The records section start
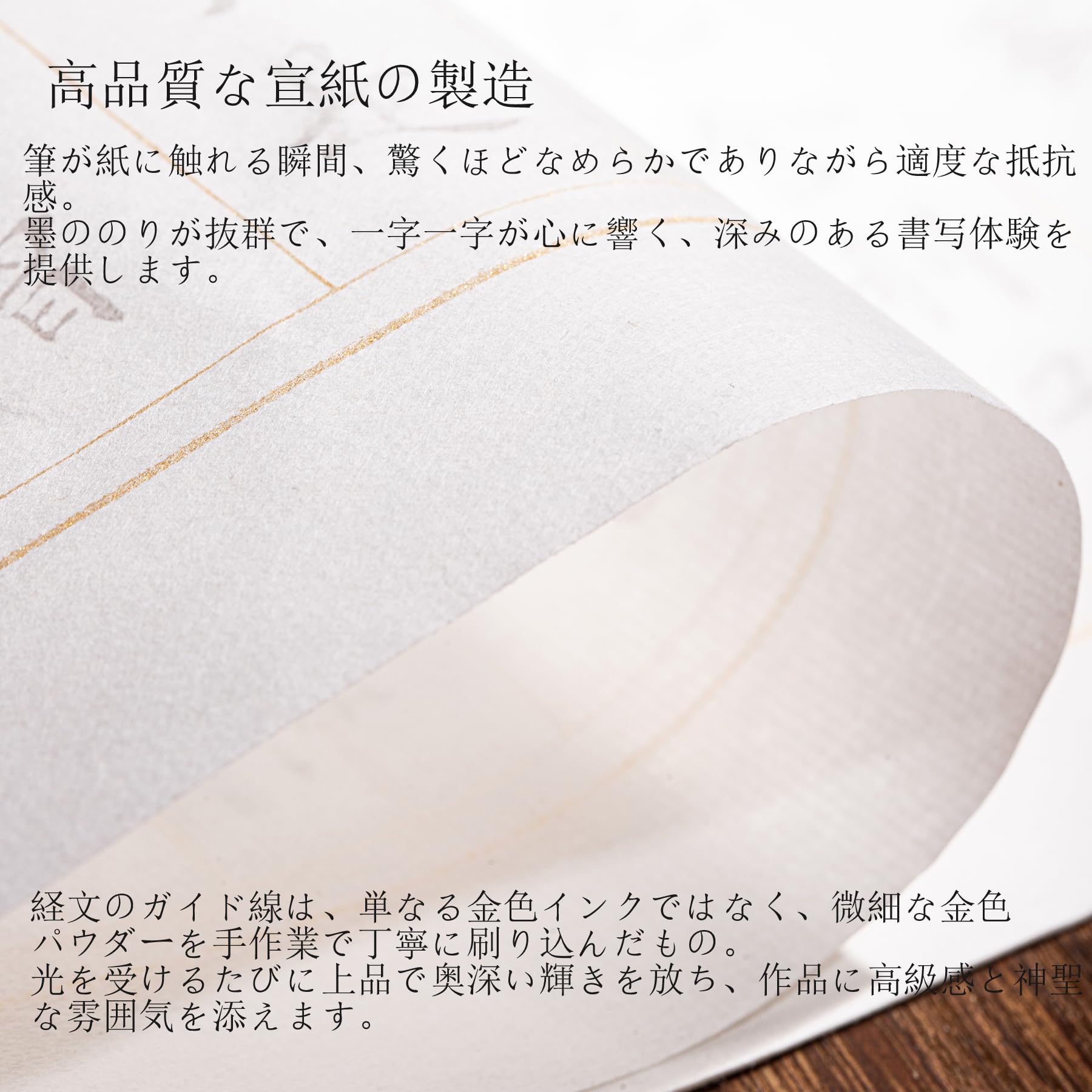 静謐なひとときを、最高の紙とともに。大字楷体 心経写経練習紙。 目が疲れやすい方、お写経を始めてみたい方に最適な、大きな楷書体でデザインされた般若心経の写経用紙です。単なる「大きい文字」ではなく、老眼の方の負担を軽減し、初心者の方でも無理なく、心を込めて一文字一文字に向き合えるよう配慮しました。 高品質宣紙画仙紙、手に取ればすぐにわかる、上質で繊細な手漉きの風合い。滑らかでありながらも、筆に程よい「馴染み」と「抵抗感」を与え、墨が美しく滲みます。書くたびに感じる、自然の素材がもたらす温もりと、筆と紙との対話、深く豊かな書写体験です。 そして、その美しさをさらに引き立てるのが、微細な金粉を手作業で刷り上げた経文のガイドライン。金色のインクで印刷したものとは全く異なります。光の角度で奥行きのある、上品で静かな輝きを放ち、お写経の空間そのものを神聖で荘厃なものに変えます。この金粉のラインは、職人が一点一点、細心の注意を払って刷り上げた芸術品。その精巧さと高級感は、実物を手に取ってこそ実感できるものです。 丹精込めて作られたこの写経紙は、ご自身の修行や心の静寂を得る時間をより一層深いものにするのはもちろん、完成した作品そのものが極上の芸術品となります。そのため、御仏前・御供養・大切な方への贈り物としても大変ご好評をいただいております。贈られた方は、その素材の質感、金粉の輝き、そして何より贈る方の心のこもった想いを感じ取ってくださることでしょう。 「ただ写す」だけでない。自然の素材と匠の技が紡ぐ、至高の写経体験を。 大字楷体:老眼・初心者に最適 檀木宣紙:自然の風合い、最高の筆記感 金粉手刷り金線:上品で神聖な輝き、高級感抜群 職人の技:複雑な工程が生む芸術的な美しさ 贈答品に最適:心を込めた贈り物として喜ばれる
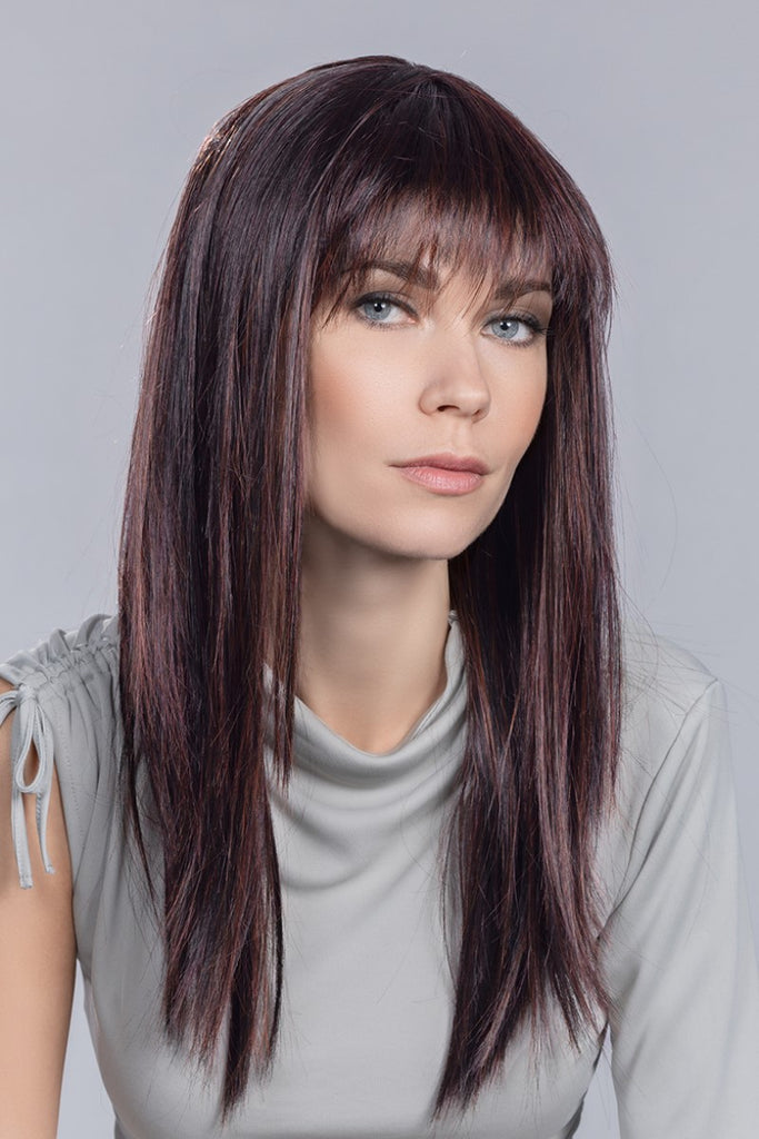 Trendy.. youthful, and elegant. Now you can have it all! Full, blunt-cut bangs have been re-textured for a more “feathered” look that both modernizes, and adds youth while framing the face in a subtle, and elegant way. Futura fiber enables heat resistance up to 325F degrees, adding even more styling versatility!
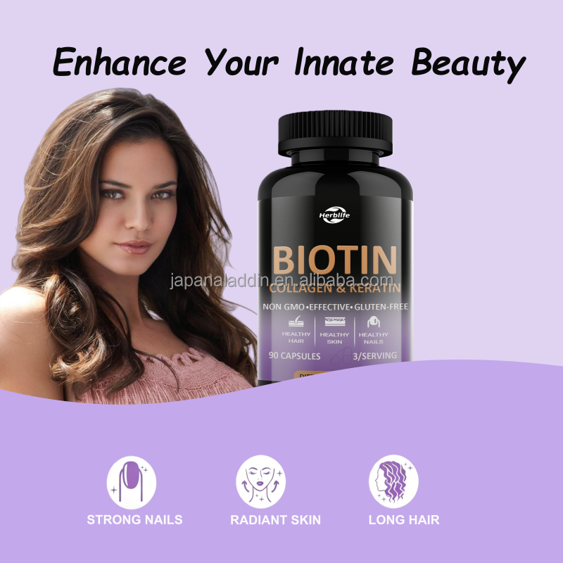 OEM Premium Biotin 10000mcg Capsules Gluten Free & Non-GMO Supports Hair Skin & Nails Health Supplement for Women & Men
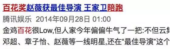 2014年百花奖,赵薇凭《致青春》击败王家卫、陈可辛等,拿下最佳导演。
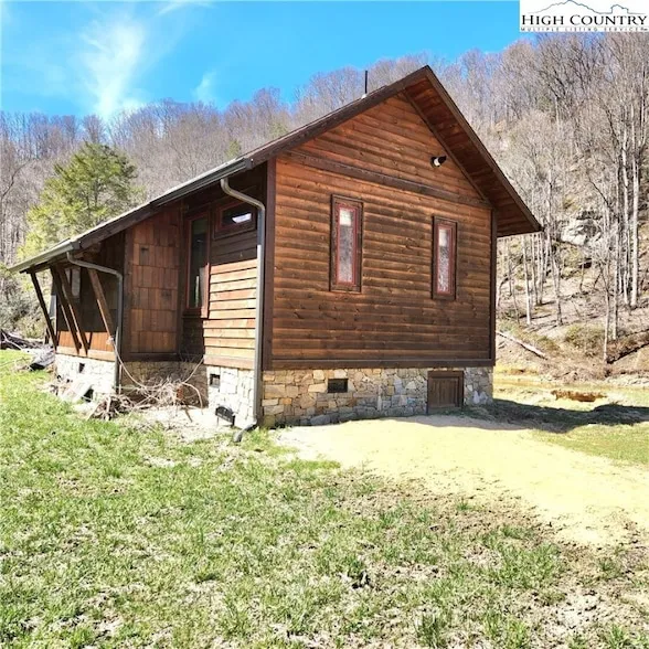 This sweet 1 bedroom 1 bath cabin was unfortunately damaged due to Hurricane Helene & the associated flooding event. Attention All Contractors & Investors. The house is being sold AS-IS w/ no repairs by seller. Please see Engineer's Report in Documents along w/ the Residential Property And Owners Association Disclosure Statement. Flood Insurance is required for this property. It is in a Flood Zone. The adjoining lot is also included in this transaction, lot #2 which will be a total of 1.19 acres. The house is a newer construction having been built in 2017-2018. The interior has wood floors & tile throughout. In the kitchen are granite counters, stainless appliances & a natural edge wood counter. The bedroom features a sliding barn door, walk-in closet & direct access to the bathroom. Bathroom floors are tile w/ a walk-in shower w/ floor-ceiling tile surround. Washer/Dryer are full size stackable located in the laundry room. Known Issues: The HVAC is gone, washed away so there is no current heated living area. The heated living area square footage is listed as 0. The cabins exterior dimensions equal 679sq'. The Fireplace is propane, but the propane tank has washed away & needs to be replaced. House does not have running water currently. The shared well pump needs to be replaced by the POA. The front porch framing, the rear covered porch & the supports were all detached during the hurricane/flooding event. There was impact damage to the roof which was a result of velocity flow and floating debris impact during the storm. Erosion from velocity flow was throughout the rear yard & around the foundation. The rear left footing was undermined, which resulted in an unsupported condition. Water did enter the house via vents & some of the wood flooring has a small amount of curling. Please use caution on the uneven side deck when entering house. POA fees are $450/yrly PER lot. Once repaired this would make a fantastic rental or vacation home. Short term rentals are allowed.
The records section end
## Work to complete
Return every entry above word for word, leaving pictures out.

## Response to this task
 静謐なひとときを、最高の紙とともに。大字楷体 心経写経練習紙。 目が疲れやすい方、お写経を始めてみたい方に最適な、大きな楷書体でデザインされた般若心経の写経用紙です。単なる「大きい文字」ではなく、老眼の方の負担を軽減し、初心者の方でも無理なく、心を込めて一文字一文字に向き合えるよう配慮しました。 高品質宣紙画仙紙、手に取ればすぐにわかる、上質で繊細な手漉きの風合い。滑らかでありながらも、筆に程よい「馴染み」と「抵抗感」を与え、墨が美しく滲みます。書くたびに感じる、自然の素材がもたらす温もりと、筆と紙との対話、深く豊かな書写体験です。 そして、その美しさをさらに引き立てるのが、微細な金粉を手作業で刷り上げた経文のガイドライン。金色のインクで印刷したものとは全く異なります。光の角度で奥行きのある、上品で静かな輝きを放ち、お写経の空間そのものを神聖で荘厃なものに変えます。この金粉のラインは、職人が一点一点、細心の注意を払って刷り上げた芸術品。その精巧さと高級感は、実物を手に取ってこそ実感できるものです。 丹精込めて作られたこの写経紙は、ご自身の修行や心の静寂を得る時間をより一層深いものにするのはもちろん、完成した作品そのものが極上の芸術品となります。そのため、御仏前・御供養・大切な方への贈り物としても大変ご好評をいただいております。贈られた方は、その素材の質感、金粉の輝き、そして何より贈る方の心のこもった想いを感じ取ってくださることでしょう。 「ただ写す」だけでない。自然の素材と匠の技が紡ぐ、至高の写経体験を。 大字楷体:老眼・初心者に最適 檀木宣紙:自然の風合い、最高の筆記感 金粉手刷り金線:上品で神聖な輝き、高級感抜群 職人の技:複雑な工程が生む芸術的な美しさ 贈答品に最適:心を込めた贈り物として喜ばれる
 Trendy.. youthful, and elegant. Now you can have it all! Full, blunt-cut bangs have been re-textured for a more “feathered” look that both modernizes, and adds youth while framing the face in a subtle, and elegant way. Futura fiber enables heat resistance up to 325F degrees, adding even more styling versatility!
 OEM Premium Biotin 10000mcg Capsules Gluten Free & Non-GMO Supports Hair Skin & Nails Health Supplement for Women & Men
 2014年百花奖,赵薇凭《致青春》击败王家卫、陈可辛等,拿下最佳导演。
 This sweet 1 bedroom 1 bath cabin was unfortunately damaged due to Hurricane Helene & the associated flooding event. Attention All Contractors & Investors. The house is being sold AS-IS w/ no repairs by seller. Please see Engineer's Report in Documents along w/ the Residential Property And Owners Association Disclosure Statement. Flood Insurance is required for this property. It is in a Flood Zone. The adjoining lot is also included in this transaction, lot #2 which will be a total of 1.19 acres. The house is a newer construction having been built in 2017-2018. The interior has wood floors & tile throughout. In the kitchen are granite counters, stainless appliances & a natural edge wood counter. The bedroom features a sliding barn door, walk-in closet & direct access to the bathroom. Bathroom floors are tile w/ a walk-in shower w/ floor-ceiling tile surround. Washer/Dryer are full size stackable located in the laundry room. Known Issues: The HVAC is gone, washed away so there is no current heated living area. The heated living area square footage is listed as 0. The cabins exterior dimensions equal 679sq'. The Fireplace is propane, but the propane tank has washed away & needs to be replaced. House does not have running water currently. The shared well pump needs to be replaced by the POA. The front porch framing, the rear covered porch & the supports were all detached during the hurricane/flooding event. There was impact damage to the roof which was a result of velocity flow and floating debris impact during the storm. Erosion from velocity flow was throughout the rear yard & around the foundation. The rear left footing was undermined, which resulted in an unsupported condition. Water did enter the house via vents & some of the wood flooring has a small amount of curling. Please use caution on the uneven side deck when entering house. POA fees are $450/yrly PER lot. Once repaired this would make a fantastic rental or vacation home. Short term rentals are allowed.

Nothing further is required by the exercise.